Once the broker starts running, you'll see the below output on your screen, which indicates that it detected all three binaries.
2023-05-15 19:28:04 [ BROKER ] [INFO] new binary detected [LINUX, X86_64]: bin/fsm.afl
2023-05-15 19:28:04 [ BROKER ] [INFO] new binary detected [LINUX, X86_64]: bin/fsm.tt
2023-05-15 19:28:04 [ BROKER ] [INFO] new binary detected [LINUX, X86_64]: bin/fsm.hf
2023-05-15 19:28:04 [ BROKER ] [INFO] Add seed initial.seed in pool
2023-05-15 19:28:04 [ BROKER ] [INFO] start broking
The broker will wait until, at least, one engine connects. To launch the engines is just a matter of running three commands (in three different shell sessions):
# Shell #1
pastis-aflpp online
# Shell #2
pastis-honggfuzz online
# Shell #3
pastis-triton online
After a few seconds, all the engines are connected to the broker and working as shown in the screenshot below (the broker in the left):
It is worth noting that PASTIS can run on different machines.
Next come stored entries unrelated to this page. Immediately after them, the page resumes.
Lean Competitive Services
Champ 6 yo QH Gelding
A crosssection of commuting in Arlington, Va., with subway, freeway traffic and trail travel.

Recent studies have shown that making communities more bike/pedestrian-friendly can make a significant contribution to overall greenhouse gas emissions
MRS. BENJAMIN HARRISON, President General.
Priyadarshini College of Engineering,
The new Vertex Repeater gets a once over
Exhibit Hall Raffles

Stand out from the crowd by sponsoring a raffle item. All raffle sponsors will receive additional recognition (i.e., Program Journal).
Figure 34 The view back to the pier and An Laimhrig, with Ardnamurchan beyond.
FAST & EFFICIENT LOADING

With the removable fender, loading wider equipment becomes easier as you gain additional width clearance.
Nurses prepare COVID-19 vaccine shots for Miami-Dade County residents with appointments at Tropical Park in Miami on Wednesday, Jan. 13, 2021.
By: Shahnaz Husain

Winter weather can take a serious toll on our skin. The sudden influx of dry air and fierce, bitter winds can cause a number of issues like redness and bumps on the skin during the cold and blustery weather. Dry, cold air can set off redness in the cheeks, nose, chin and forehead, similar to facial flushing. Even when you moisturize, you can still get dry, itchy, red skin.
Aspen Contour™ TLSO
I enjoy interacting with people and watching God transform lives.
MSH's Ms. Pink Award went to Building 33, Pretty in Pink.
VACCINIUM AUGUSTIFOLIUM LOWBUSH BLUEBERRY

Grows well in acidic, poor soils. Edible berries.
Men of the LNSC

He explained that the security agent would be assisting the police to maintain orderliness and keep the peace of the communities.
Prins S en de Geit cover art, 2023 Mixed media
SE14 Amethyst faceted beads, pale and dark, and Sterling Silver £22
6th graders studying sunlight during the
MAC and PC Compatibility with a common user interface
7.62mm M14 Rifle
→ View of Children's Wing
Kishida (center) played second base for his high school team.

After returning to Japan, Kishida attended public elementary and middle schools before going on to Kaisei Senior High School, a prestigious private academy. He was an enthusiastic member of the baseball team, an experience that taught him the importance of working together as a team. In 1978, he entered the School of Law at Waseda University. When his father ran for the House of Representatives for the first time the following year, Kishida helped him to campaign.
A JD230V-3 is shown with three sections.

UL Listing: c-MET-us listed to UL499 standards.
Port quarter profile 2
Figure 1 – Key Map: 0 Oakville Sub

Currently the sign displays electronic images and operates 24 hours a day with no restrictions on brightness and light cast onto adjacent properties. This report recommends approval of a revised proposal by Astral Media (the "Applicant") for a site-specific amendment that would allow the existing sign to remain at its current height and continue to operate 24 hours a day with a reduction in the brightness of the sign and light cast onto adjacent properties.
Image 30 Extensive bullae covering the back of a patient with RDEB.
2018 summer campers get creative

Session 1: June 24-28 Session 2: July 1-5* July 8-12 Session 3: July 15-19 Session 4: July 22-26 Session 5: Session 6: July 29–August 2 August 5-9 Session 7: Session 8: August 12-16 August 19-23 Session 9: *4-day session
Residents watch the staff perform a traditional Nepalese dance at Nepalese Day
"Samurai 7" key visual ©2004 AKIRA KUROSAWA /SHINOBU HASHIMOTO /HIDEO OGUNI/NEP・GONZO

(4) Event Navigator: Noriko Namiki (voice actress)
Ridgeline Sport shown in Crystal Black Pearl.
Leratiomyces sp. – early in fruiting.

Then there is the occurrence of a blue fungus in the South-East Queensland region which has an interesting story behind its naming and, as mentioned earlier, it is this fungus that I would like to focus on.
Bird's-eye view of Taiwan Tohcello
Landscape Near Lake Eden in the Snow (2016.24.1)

This means that the broker as well as each engine can run on a different machine. For those interested in trying, it's just a matter of adding the command-line option --host <IP-OF-THE-BROKER>
to each engine (it's possible to specify the port with --port <PORT>
, the default one is 5555
). For example, the AFL++ engine the commands would be: pastis-aflpp online --host <IP-OF-THE-BROKER>
.
We also provide a docker image, for those who want to try it without installing the dependencies. You can find it here
Documentation
PASTIS is documented, here you will find how to install it and run it, a demo and the Python API. The documentation also includes instructions on how to add a new fuzzer.
Conclusion
This blog post presented PASTIS v0.1.1, a Python framework for ensemble fuzzing. PASTIS is one of the many projects developed at Quarkslab as part of our efforts to improve and ease our daily tasks on binary analysis and vulnerability research. We are now glad to open-source it so others can benefit from it.
The framework is experimental, any valuable feedback or contributions are greatly appreciated!
We would like to thank DGA-MI that initially funded this work. We also want to warmly thank all past contributors of the project, Acid, djo and Richard.